Task statement —
As an exercise in exact copying, transcribe the lines below from the one holding "We prove an" through the last, with both ends included and pictures left out.
─── Data supplied
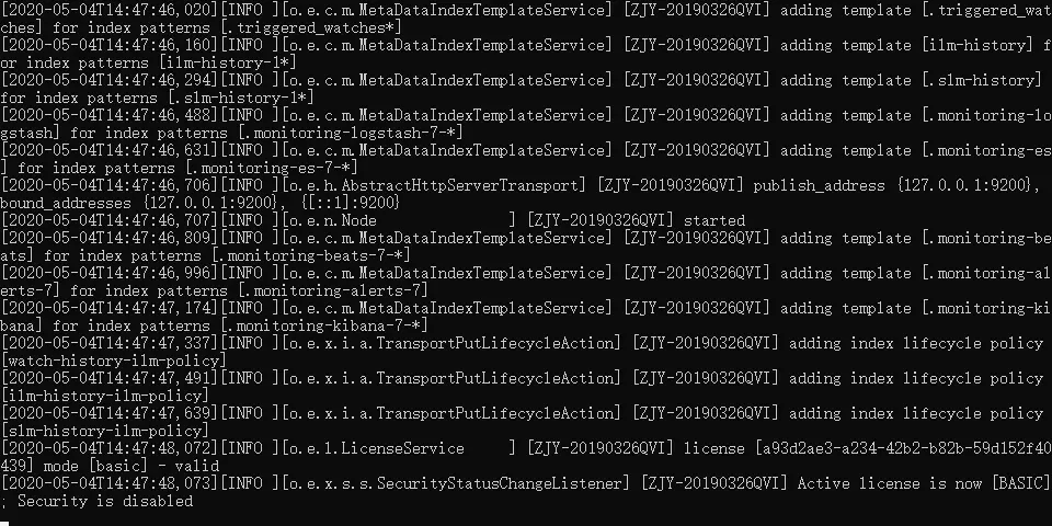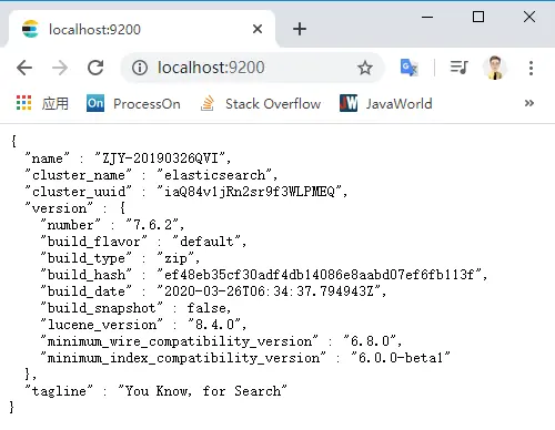 输出的日志信息有点多,不用细看,注意看到有“started”的字样就表明启动成功了。为了进一步确认 Elasticsearch 有没有启动成功,可以在浏览器的地址栏里输入 http://localhost:9200 进行查看(9200 是 Elasticsearch 的默认端口号)。
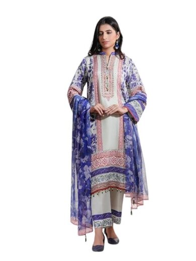 THE COTTON LAWN SHOP Women's 3 Piece Cotton Floral Stylish Printed Unstitched Salwar Suit Dupatta With Embroidered lace Dress Material (White)
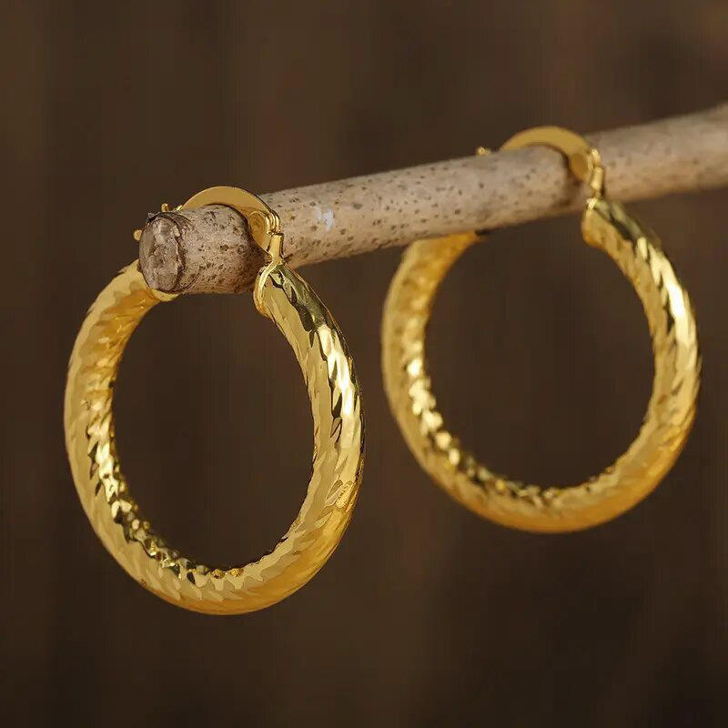 Medtian Gold Hoop Earrings 14K Classic Twist Design Unisex Everyday Wear Fine Jewelry
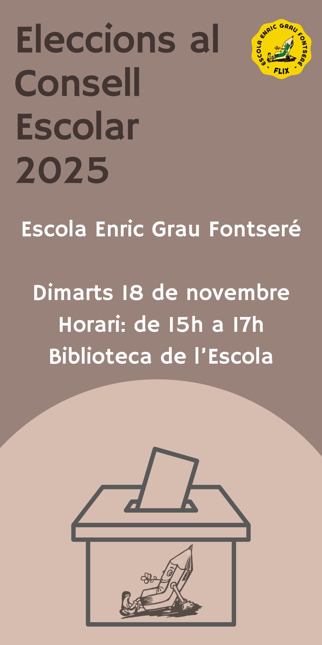 Les votacions s’iniciaran DEMÀ a les 15h a la Biblioteca de l’Escola fins les 17h. Recordeu portar el document d’identitat per a què els membres de la mesa electoral puguin realitzar un seguiment del cens.
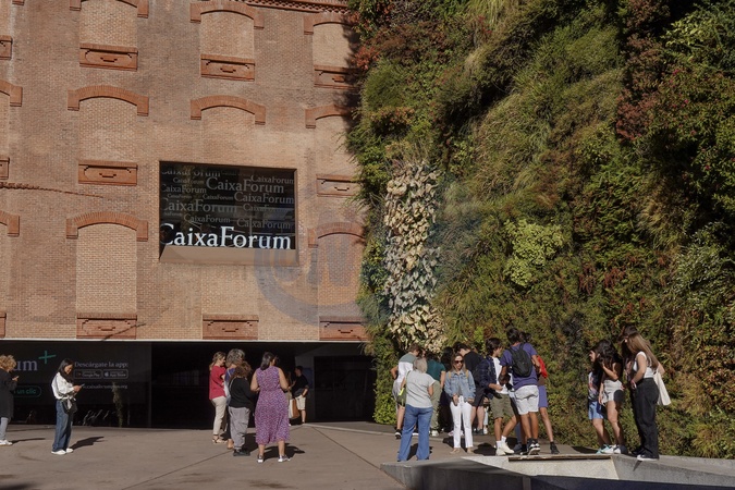 Spain, Madrid, Caixa Forum is a cultural center of arts and museum, located in Paseo del Prado in a former power station, it is owned by the not-for-profit banking foundation "la Caixa". The art center opened its doors in 2008 and it hosts temporary art exhibitions and cultural events. The Vertical Garden by Patrick Blanc at the square is also well-known., Credit:Fabio Mazzarella / Avalon
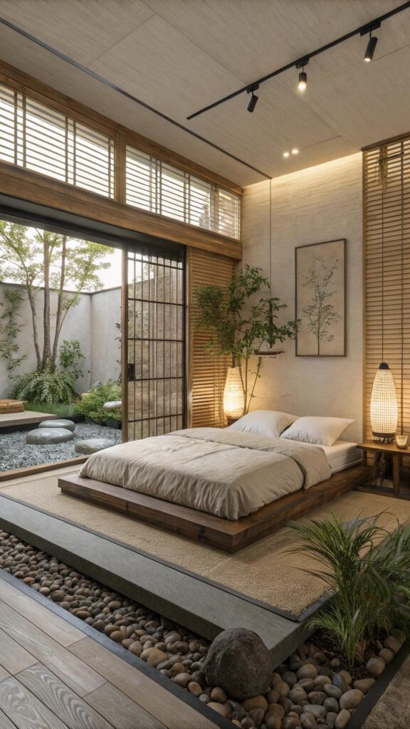 Add a low platform bed, bamboo accents, and soft lighting for a serene atmosphere. This style is perfect for unwinding after a long day.
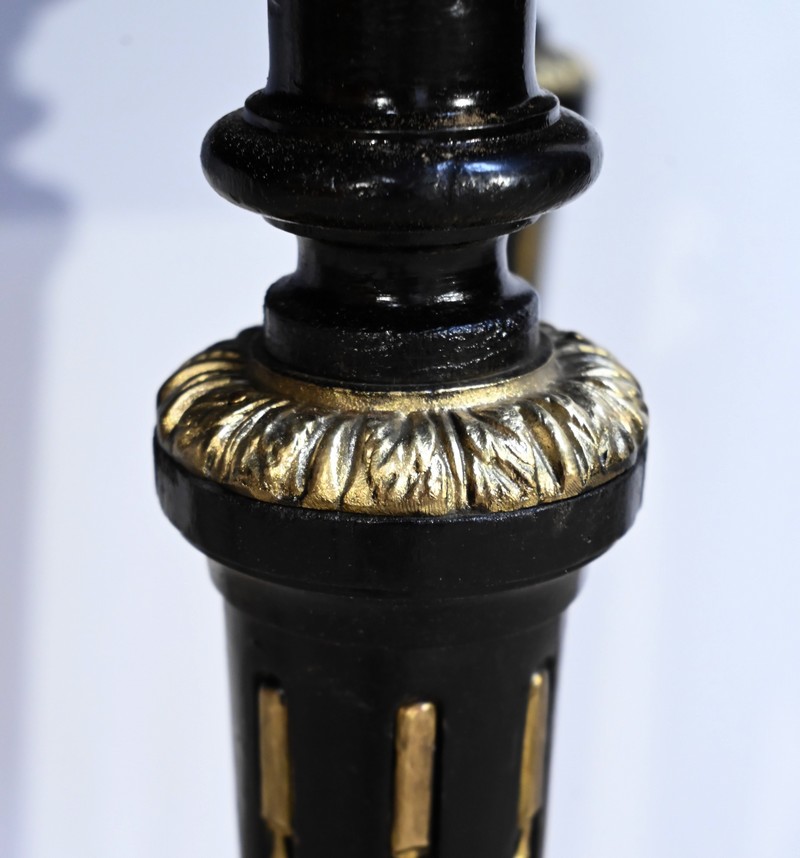 L’ensemble repose sur quatre pieds en fuseau, à collerettes et à cannelures arrêtées garnies d’asperges, se terminant par des toupies.
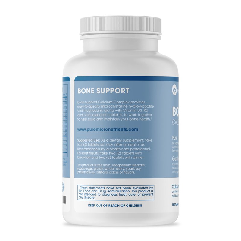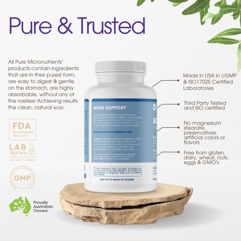 - NATURAL, PURE & TRUSTED – Bone Support contains only pure ingredients; gmo free, magnesium stearate, preservatives or other non-active ingredients - so you can reap the benefits, nurture & protect your body, without any of the Nasties. Made with Kosher & Halal ingredients. #1 Pharmaceutical Grade, USA MADE, Third Party Tested with a 100% Lifetime Satisfaction Guarantee, Bone Support is a complete Calcium Supplement.
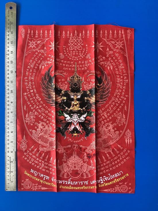 ผ้ายันต์ พญาครุฑ รุ่น เศรษฐีเงินไหลมา วัดพระศรีมหาธาตุวรมหาวิหาร จ.นครศรีธรรมราช สีแดง ขนาด A3 ขนาด 11.5 นิ้ว x 16.5 นิ้ว |
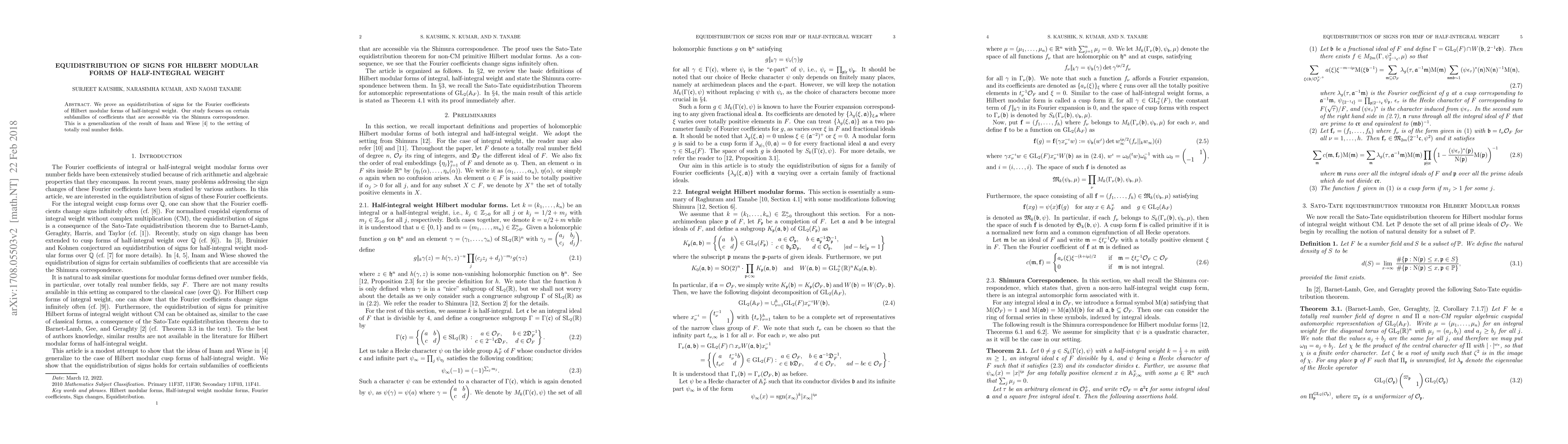 We prove an equidistribution of signs for the Fourier coefficients of Hilbert modular forms of half-integral weight. Our study focuses on certain subfamilies of coefficients that are accessible via the Shimura correspondence. This is a generalization of the result of Inam and Wiese to the setting of totally real number fields
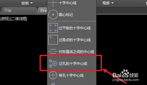 点击下拉按钮,点击“过孔的十字中心线”工具。
──────
Solution for this problem —
 We prove an equidistribution of signs for the Fourier coefficients of Hilbert modular forms of half-integral weight. Our study focuses on certain subfamilies of coefficients that are accessible via the Shimura correspondence. This is a generalization of the result of Inam and Wiese to the setting of totally real number fields
 点击下拉按钮,点击“过孔的十字中心线”工具。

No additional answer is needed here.